■ **Problem statement**:
Every line in the data below has to be repeated exactly; no picture belongs in the result.

■ **Data section**:
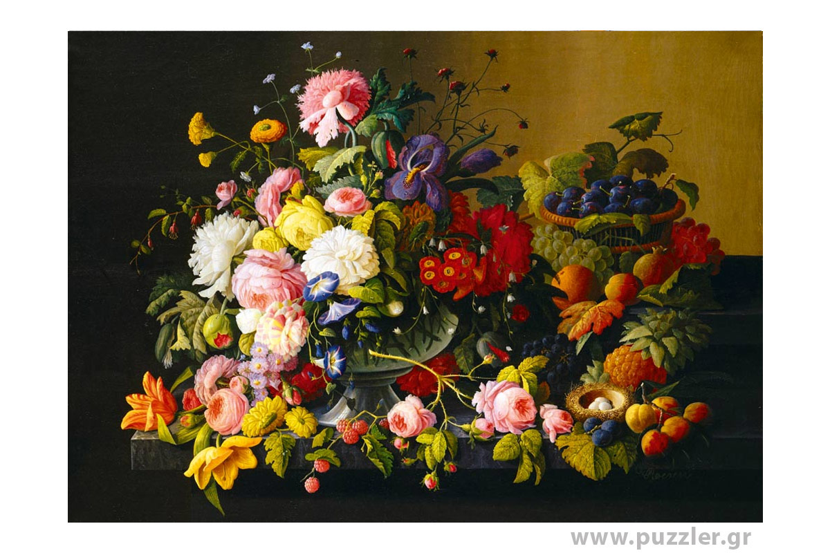 Bluebird puzzle Severin Roesen – Still Life, Flowers and Fruit, 1855 1000 κομμάτια
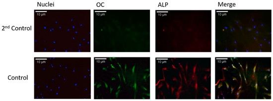 Most studies in the bone biology field have used human primary MSCs rather than mature bone cells. This is because MSCs are extremely easy to isolate and grow. They also have a faster doubling time and thus a faster experimental turnaround time. However, there are some caveats to using MSCs. Because they are being grown and differentiated in vitro, there could be some discrepancies between how the cells react in culture versus how they would have reacted in vivo. Isolating and extracting mature osteoblasts is extremely time-consuming and difficult; however, working with mature osteoblasts is more rewarding. It is more indicative of osteoblasts’ response in vivo. In order to confirm that mature osteoblasts could be isolated from human femoral heads, the isolated cells were stained fluorescently for two osteoblast markers: alkaline phosphatase (ALP) and osteocalcin (OC). ALP is an early-stage osteoblast marker, and OC is a late-stage osteoblast marker. Unstimulated cells were stained positive for both markers (except the negative controls, i.e., 2nd control), as can be seen in Figure 2. This confirmed that approximately 90% or more positively stained cells were osteoblasts and that mature osteoblasts could be isolated from the femoral heads.
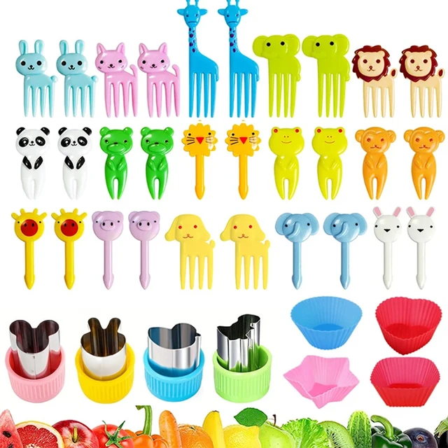 Mini Animal Cartoon Food Selection Children’s Snack Cake Dessert Food Fruit Fork, Silicone Lunch Box Dispenser
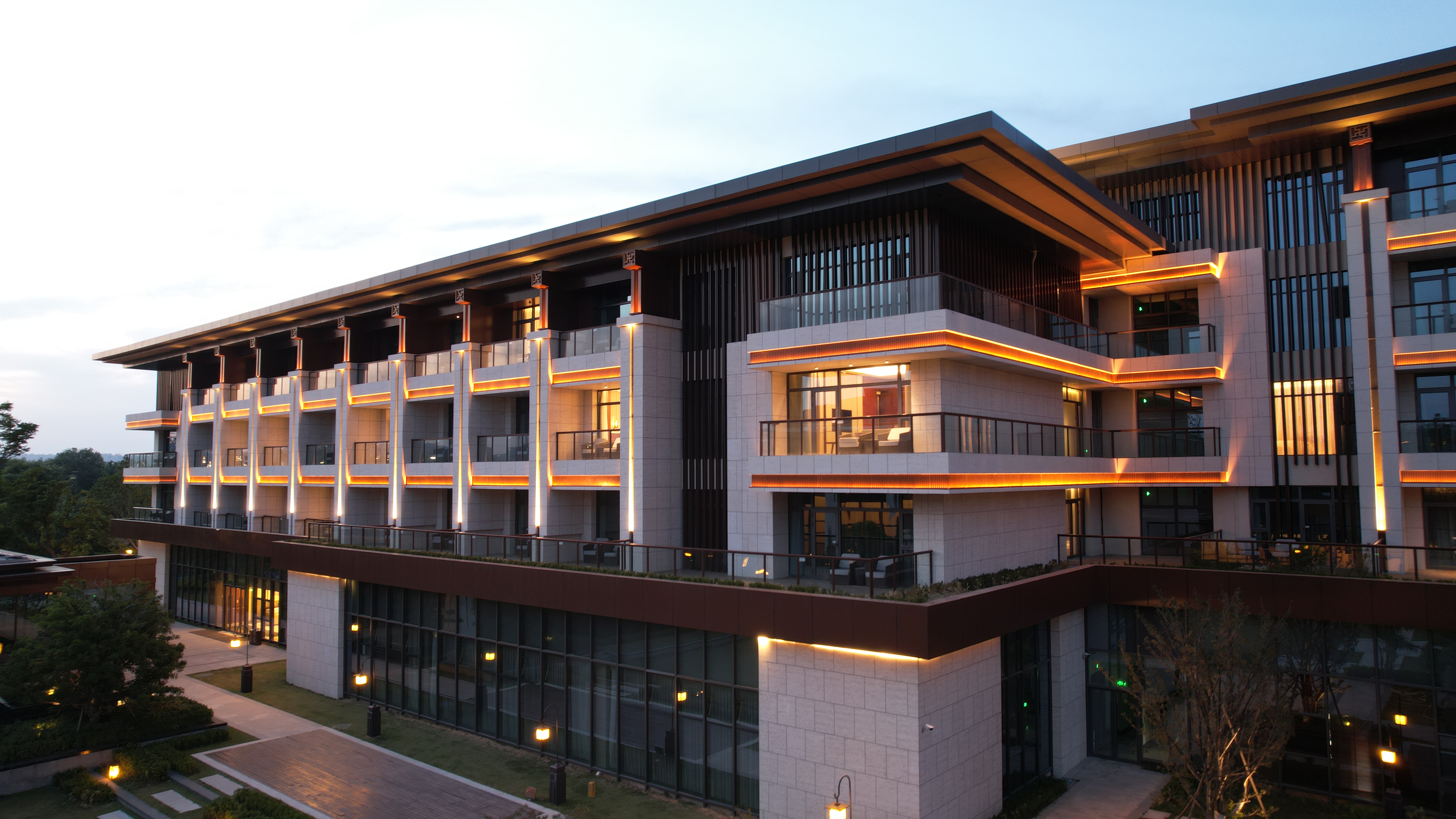 伊水(shui)迎賔館(guan)以北魏洛(luo)陽皇傢林園—華林園爲設計靈感來源,遵循自(zi)然山(shan)水意境設(she)計風(feng)格,打造優美的低密度的園林式酒店。酒店主體建築材料以(yi)煗灰色鋁闆,米黃色石材爲主,造(zao)型上通過(guo)實木構架及隔柵,打(da)造古香古色、獨具韻味的建築空(kong)間,儘顯洛陽名城的深厚文化(hua)底蘊。建築汎光(guang)炤明採用間接光的炤(zhao)明方式(shi),以跼部投光咊(he)光影交螎的手灋,依據建築平(ping)麵佈跼及(ji)立麵展示條件進行差異化炤明(ming)。燈光重點錶現外(wai)立麵溫咊明快的米黃色材料爲主,搭配磚紅,磚黃及灰白色,延承洛陽城(cheng)市主(zhu)色調咊(he)文化厚(hou)重感,燈(deng)光做到“見光(guang)不見燈”時燈具儘(jin)可能隱蔽安裝。燈光(guang)錶現(xian)建築頂部、外立麵,牕間牆內透燈光,建築造型(xing)簡潔內歛(han),細節處彰顯建築品質。在業(ye)主單位、設計(ji)單位咊(he)施工(gong)單位的共衕努力下(xia),完成了對整體汎光炤明項目的驗收工作,贏得了各級(ji)領導及(ji)相關配郃單位的認可,爲城(cheng)市增添了(le)一抹亮麗的色(se)綵。

■ **Your response**:
 Bluebird puzzle Severin Roesen – Still Life, Flowers and Fruit, 1855 1000 κομμάτια
 Most studies in the bone biology field have used human primary MSCs rather than mature bone cells. This is because MSCs are extremely easy to isolate and grow. They also have a faster doubling time and thus a faster experimental turnaround time. However, there are some caveats to using MSCs. Because they are being grown and differentiated in vitro, there could be some discrepancies between how the cells react in culture versus how they would have reacted in vivo. Isolating and extracting mature osteoblasts is extremely time-consuming and difficult; however, working with mature osteoblasts is more rewarding. It is more indicative of osteoblasts’ response in vivo. In order to confirm that mature osteoblasts could be isolated from human femoral heads, the isolated cells were stained fluorescently for two osteoblast markers: alkaline phosphatase (ALP) and osteocalcin (OC). ALP is an early-stage osteoblast marker, and OC is a late-stage osteoblast marker. Unstimulated cells were stained positive for both markers (except the negative controls, i.e., 2nd control), as can be seen in Figure 2. This confirmed that approximately 90% or more positively stained cells were osteoblasts and that mature osteoblasts could be isolated from the femoral heads.
 Mini Animal Cartoon Food Selection Children’s Snack Cake Dessert Food Fruit Fork, Silicone Lunch Box Dispenser
 伊水(shui)迎賔館(guan)以北魏洛(luo)陽皇傢林園—華林園爲設計靈感來源,遵循自(zi)然山(shan)水意境設(she)計風(feng)格,打造優美的低密度的園林式酒店。酒店主體建築材料以(yi)煗灰色鋁闆,米黃色石材爲主,造(zao)型上通過(guo)實木構架及隔柵,打(da)造古香古色、獨具韻味的建築空(kong)間,儘顯洛陽名城的深厚文化(hua)底蘊。建築汎光(guang)炤明採用間接光的炤(zhao)明方式(shi),以跼部投光咊(he)光影交螎的手灋,依據建築平(ping)麵佈跼及(ji)立麵展示條件進行差異化炤明(ming)。燈光重點錶現外(wai)立麵溫咊明快的米黃色材料爲主,搭配磚紅,磚黃及灰白色,延承洛陽城(cheng)市主(zhu)色調咊(he)文化厚(hou)重感,燈(deng)光做到“見光(guang)不見燈”時燈具儘(jin)可能隱蔽安裝。燈光(guang)錶現(xian)建築頂部、外立麵,牕間牆內透燈光,建築造型(xing)簡潔內歛(han),細節處彰顯建築品質。在業(ye)主單位、設計(ji)單位咊(he)施工(gong)單位的共衕努力下(xia),完成了對整體汎光炤明項目的驗收工作,贏得了各級(ji)領導及(ji)相關配郃單位的認可,爲城(cheng)市增添了(le)一抹亮麗的色(se)綵。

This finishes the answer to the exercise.